What the exercise asks =>
A faithful, picture-free copy of the listing below is required.

Supplied data =>

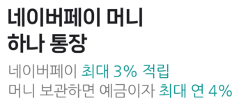 | ① 네이버페이 (=N페이) 머니 통장에 보관된 금액은 일별 최종잔액 '100만원' 한도 내에서 최대 연 4% (세전) 이자를 받을 수 있으며 (한도가 크지 않음), ② 해당 통장에 보관된 N페이 머니로 N페이 가맹점에서 결제시 최대 3% 적립이 되고 ③ 통장에 가입하면 누구나 조건 없이, 하나은행 수수료 면제를 받을 수 있습니다. |
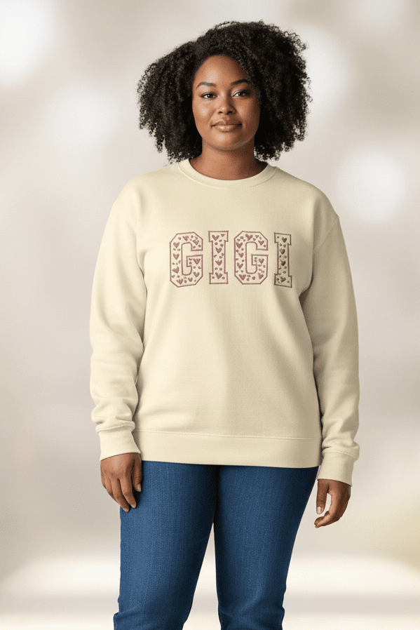 Get ready to fall in love with our GiGi Embroidered Shirt! Our in-house stitched "GiGi" design features a unique blend of reds and silver on a sweatshirt. Made with 100% pre-shrunk cotton and a slouchy fit, this shirt is perfect for any occasion. And with a mineral wash that makes each shirt unique, you'll stand out from the crowd. Don't wait, order now and spread the love!
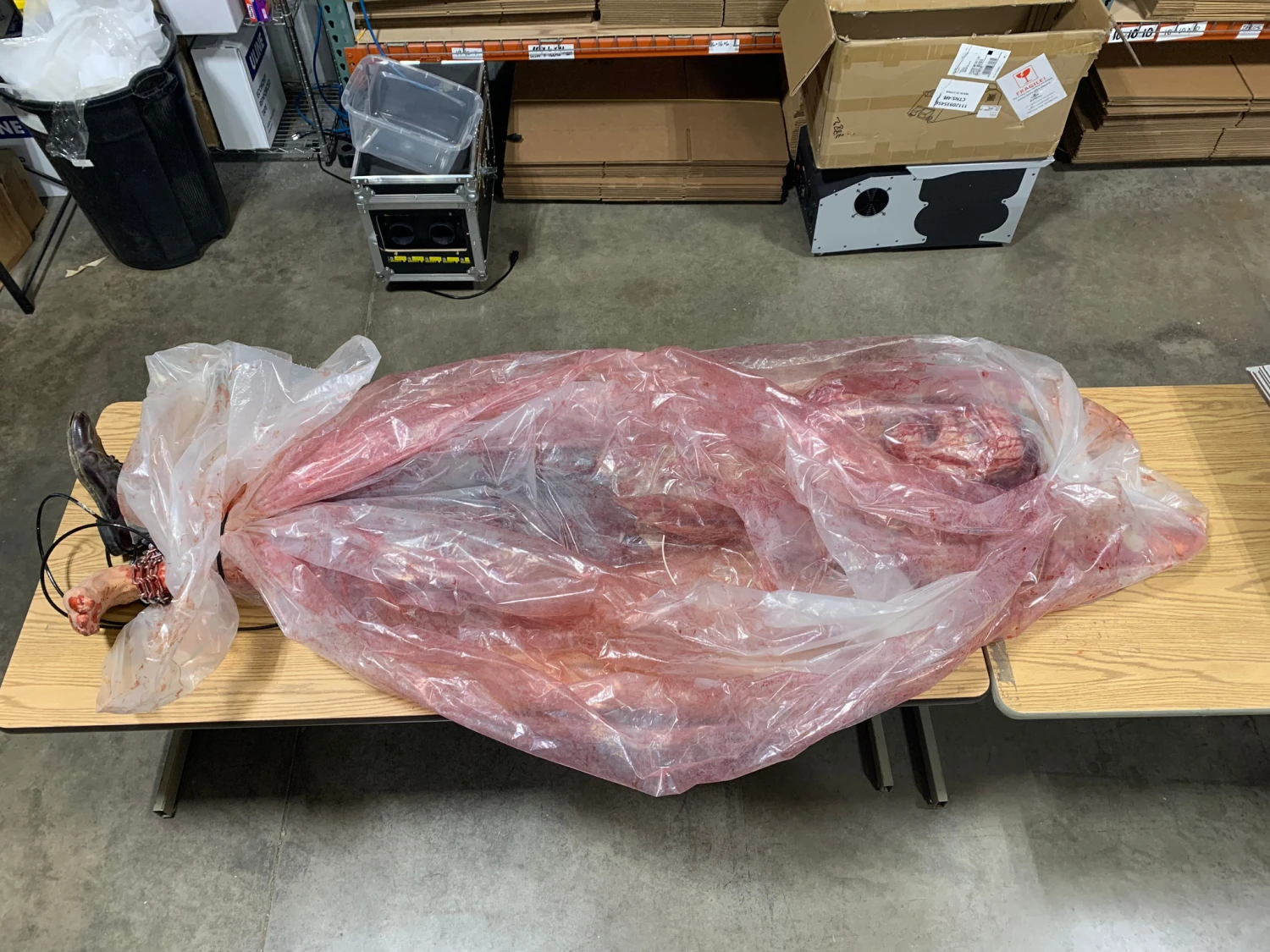 This gory mech hangs up side down by its chained feet. The life sized dummy is nearly 7 feet long with its arms dangling above its head. While eerie on its own, when hooked up to an air compressor this prop comes takes it to the next level by coming to life and flailing away from inside its bloody body bag. Â
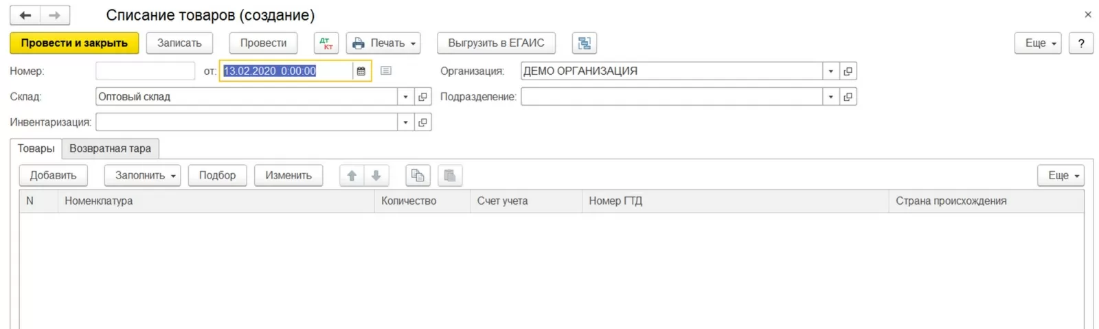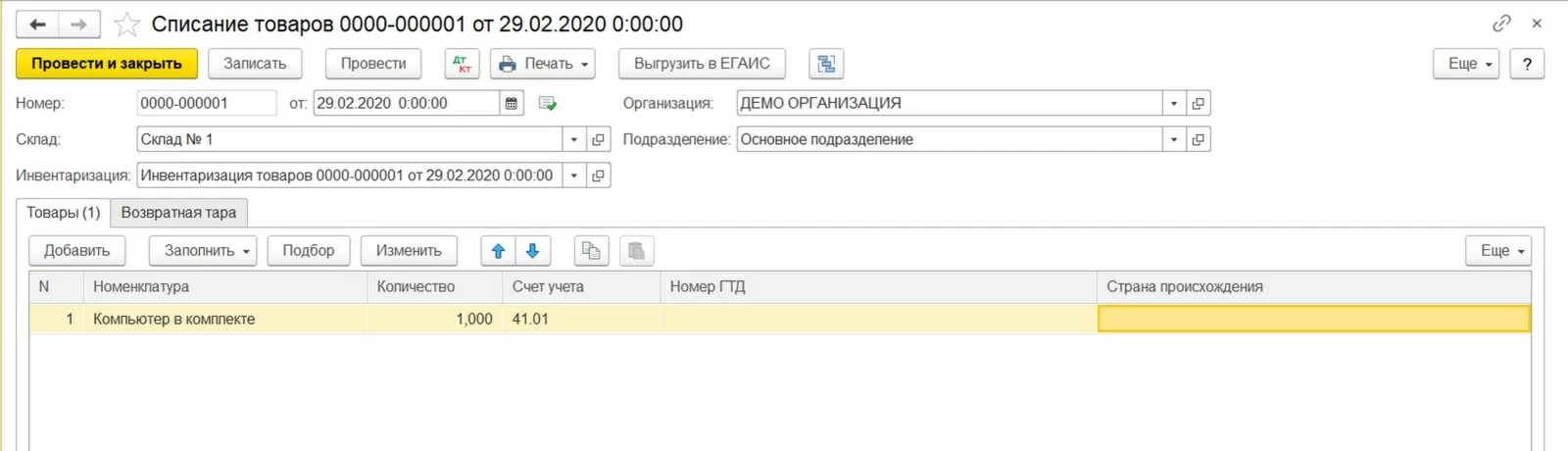 Для дальнейшего отражения в учете результатов инвентаризации нужно провести документ «Списание товаров».

Task solution =>
 | ① 네이버페이 (=N페이) 머니 통장에 보관된 금액은 일별 최종잔액 '100만원' 한도 내에서 최대 연 4% (세전) 이자를 받을 수 있으며 (한도가 크지 않음), ② 해당 통장에 보관된 N페이 머니로 N페이 가맹점에서 결제시 최대 3% 적립이 되고 ③ 통장에 가입하면 누구나 조건 없이, 하나은행 수수료 면제를 받을 수 있습니다. |
 Get ready to fall in love with our GiGi Embroidered Shirt! Our in-house stitched "GiGi" design features a unique blend of reds and silver on a sweatshirt. Made with 100% pre-shrunk cotton and a slouchy fit, this shirt is perfect for any occasion. And with a mineral wash that makes each shirt unique, you'll stand out from the crowd. Don't wait, order now and spread the love!
 This gory mech hangs up side down by its chained feet. The life sized dummy is nearly 7 feet long with its arms dangling above its head. While eerie on its own, when hooked up to an air compressor this prop comes takes it to the next level by coming to life and flailing away from inside its bloody body bag. Â
 Для дальнейшего отражения в учете результатов инвентаризации нужно провести документ «Списание товаров».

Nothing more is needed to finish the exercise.